_Task brief_: Write out the lines below exactly, beginning at the one with "Najwyższe wyniki i" and stopping after the one with "Mobile porta TV"; the pictures are not copied.
*** Opening of Data provided ***
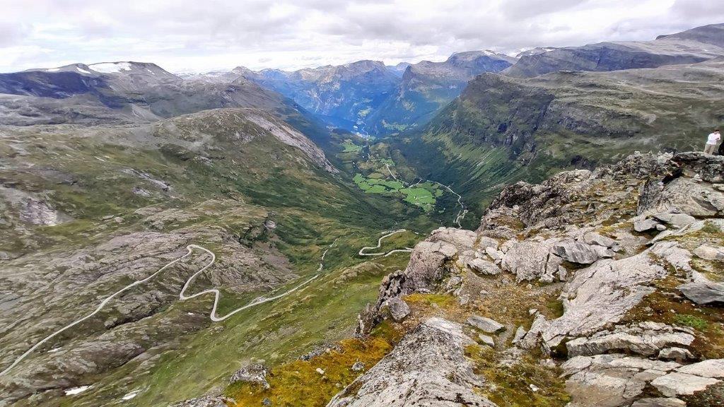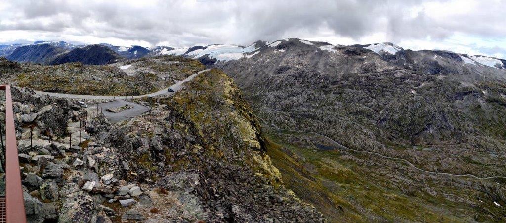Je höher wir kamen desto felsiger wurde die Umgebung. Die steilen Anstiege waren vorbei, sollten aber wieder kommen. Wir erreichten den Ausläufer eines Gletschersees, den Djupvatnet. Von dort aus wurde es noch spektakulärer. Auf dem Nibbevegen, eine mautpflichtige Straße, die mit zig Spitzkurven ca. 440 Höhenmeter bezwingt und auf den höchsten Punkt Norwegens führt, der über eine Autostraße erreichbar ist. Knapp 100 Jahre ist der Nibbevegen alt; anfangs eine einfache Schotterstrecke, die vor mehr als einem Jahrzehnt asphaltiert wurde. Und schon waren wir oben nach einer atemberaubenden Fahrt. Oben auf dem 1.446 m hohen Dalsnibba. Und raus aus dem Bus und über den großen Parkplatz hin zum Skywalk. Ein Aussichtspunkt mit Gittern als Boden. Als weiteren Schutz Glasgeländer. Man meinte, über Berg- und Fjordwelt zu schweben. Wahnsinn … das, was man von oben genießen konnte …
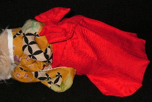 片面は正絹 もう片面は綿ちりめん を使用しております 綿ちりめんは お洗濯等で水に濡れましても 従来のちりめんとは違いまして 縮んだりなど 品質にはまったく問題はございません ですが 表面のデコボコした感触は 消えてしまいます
*** Close of Data provided ***
*** Opening of Data provided ***
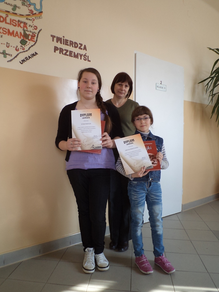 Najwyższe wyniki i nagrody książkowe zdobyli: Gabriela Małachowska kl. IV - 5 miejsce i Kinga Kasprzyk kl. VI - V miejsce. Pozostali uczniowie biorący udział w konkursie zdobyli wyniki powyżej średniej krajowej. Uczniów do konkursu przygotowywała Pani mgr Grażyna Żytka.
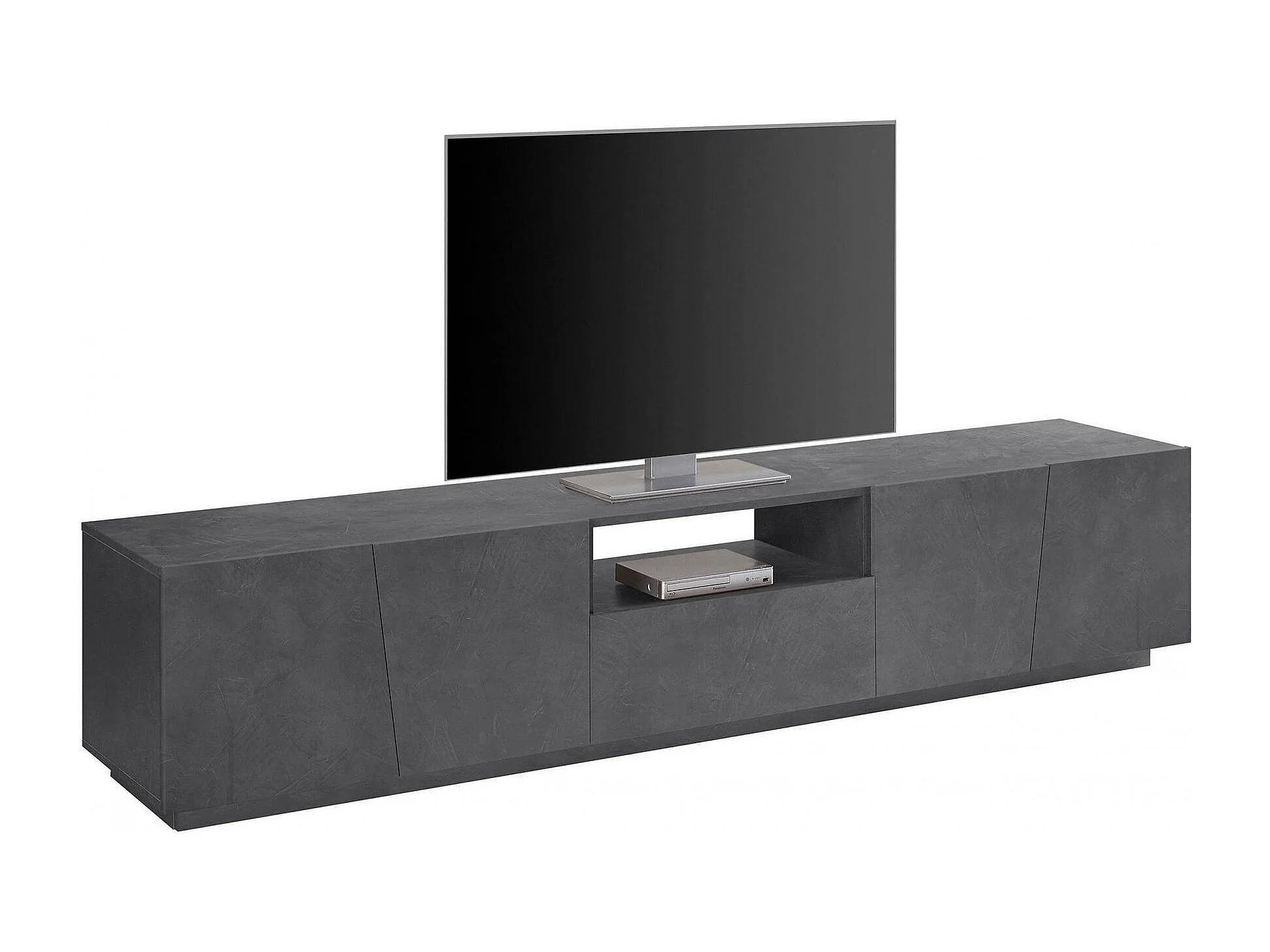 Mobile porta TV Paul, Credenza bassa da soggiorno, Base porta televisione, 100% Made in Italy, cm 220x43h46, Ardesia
*** Close of Data provided ***
*** Opening of Data provided ***
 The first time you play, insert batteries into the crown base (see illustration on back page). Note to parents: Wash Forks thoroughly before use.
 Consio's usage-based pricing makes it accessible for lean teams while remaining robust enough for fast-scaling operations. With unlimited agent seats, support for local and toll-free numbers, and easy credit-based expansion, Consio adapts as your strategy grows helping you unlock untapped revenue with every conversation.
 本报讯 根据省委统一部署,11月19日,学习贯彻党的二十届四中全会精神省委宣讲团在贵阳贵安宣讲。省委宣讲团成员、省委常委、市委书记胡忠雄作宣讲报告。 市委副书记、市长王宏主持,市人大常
*** Close of Data provided ***
_Answer below_:
 Najwyższe wyniki i nagrody książkowe zdobyli: Gabriela Małachowska kl. IV - 5 miejsce i Kinga Kasprzyk kl. VI - V miejsce. Pozostali uczniowie biorący udział w konkursie zdobyli wyniki powyżej średniej krajowej. Uczniów do konkursu przygotowywała Pani mgr Grażyna Żytka.
 Mobile porta TV Paul, Credenza bassa da soggiorno, Base porta televisione, 100% Made in Italy, cm 220x43h46, Ardesia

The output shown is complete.